Here is "a study of sainthood as it was |practiced' in day-to-day encounters between living individuals considered saints by their contemporaries and other members of their communities" (1). After a brief historical introduction and an analysis of the writers and audiences, medieval and modern, of saints' Lives, Kleinberg focuses on four medieval saints.

Though K. recounts events in these saints' lives, his focus on their audience/community is most interesting. K. calls the sainthood of Christina of Stommeln into question because her biographer, Peter of Dacia, encouraged her to report miracles, because her supernatural phenomena stopped after Peter's death, and because her own community remained skeptical. Although Lukardis of Oberweimar and Douceline of Digne gained the admiration of their communities, their relationship to their communities - cooperative and detached - differed. Once again, however, the audience was active in the formation of public sainthood.

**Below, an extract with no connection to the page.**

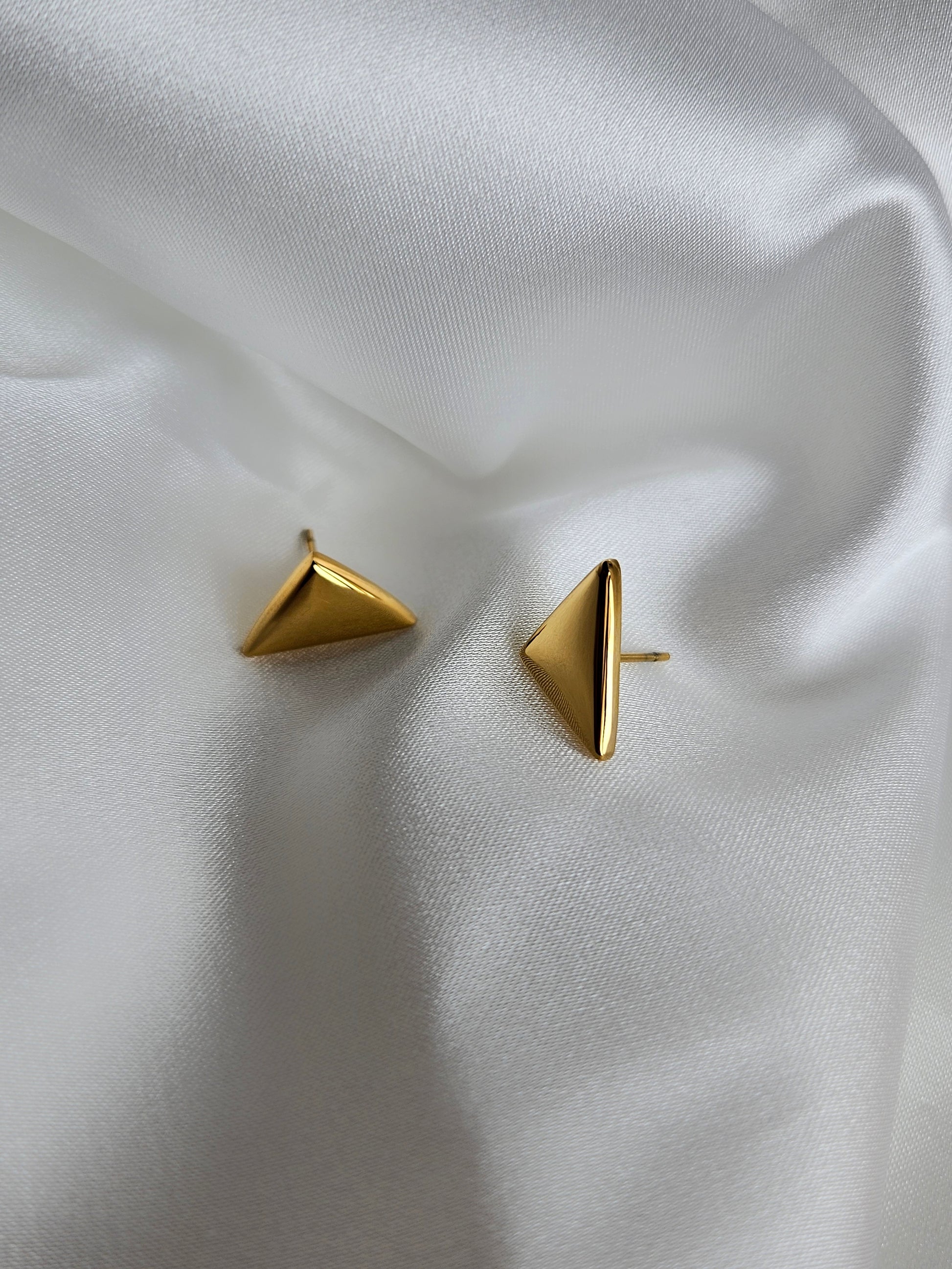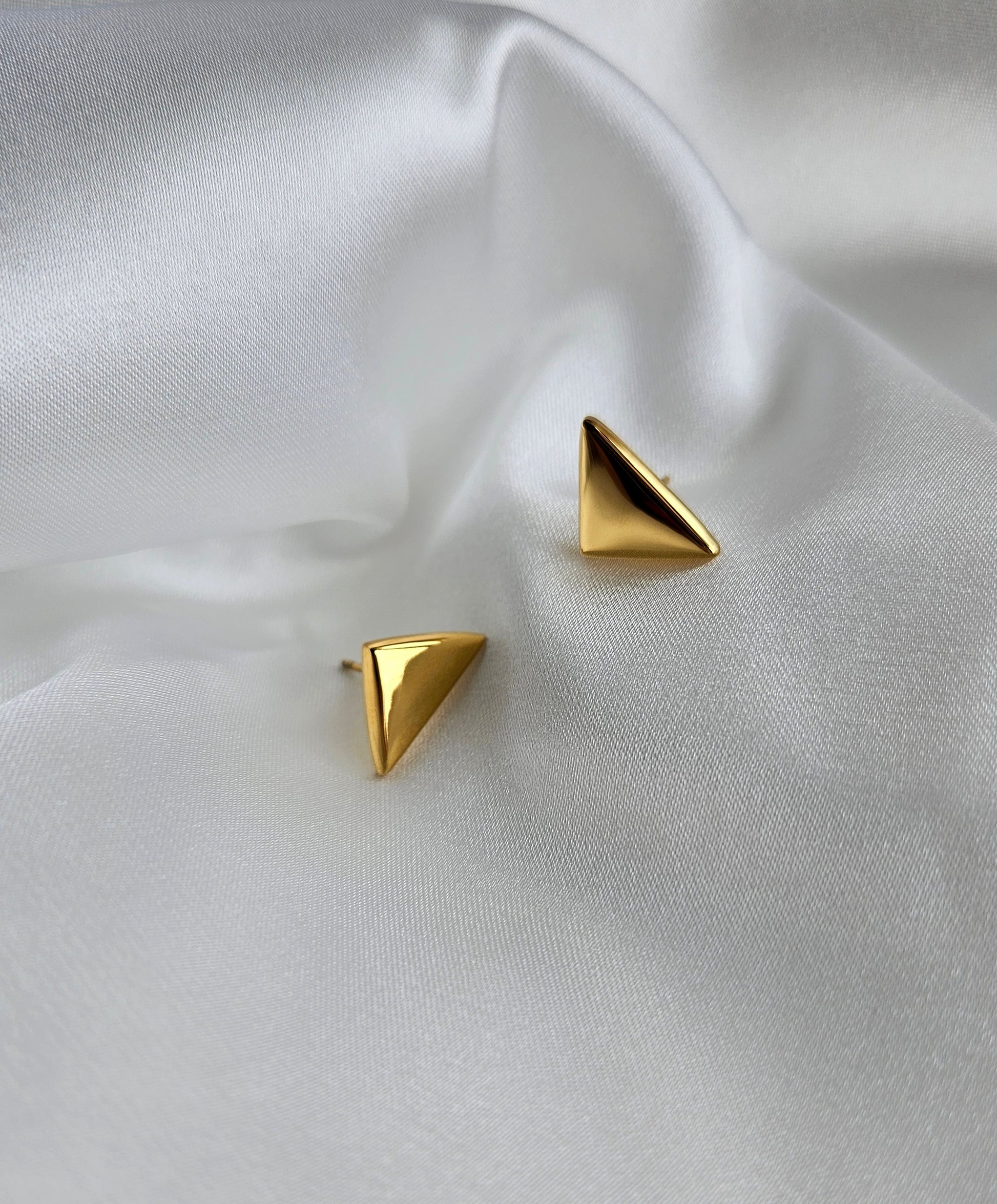 Orecchini lobetto a triangolo, dalle linee geometriche pulite e moderne. Design minimal per un look contemporaneo.

The relationship between Francis of Assisi and his audience was more complex because of his immense following. By expecting his examples to be followed literally, Francis complicated the work of his successors who wished to make the saint's ideals more practical. When Bonaventure became minister general of the Franciscan Order in 1257, he "understood that the only way to unfasten the grip of Francis's dead hand was to offer an alternative that would transform Francis's history into a new, less action-oriented, and less radical message" (147). Francis's insistence on literal imitation and limits on his successors' authority to interpret his actions, however, "made it impossible to accomplish smoothly the necessary metamorphosis of living to dead saint - a process that consisted of forgetting the saint of reality and recreating him in his successors' image" (148).

By focusing on the audience of these four saints, K. provides a fascinating and sometimes iconoclastic view of saints in the medieval period.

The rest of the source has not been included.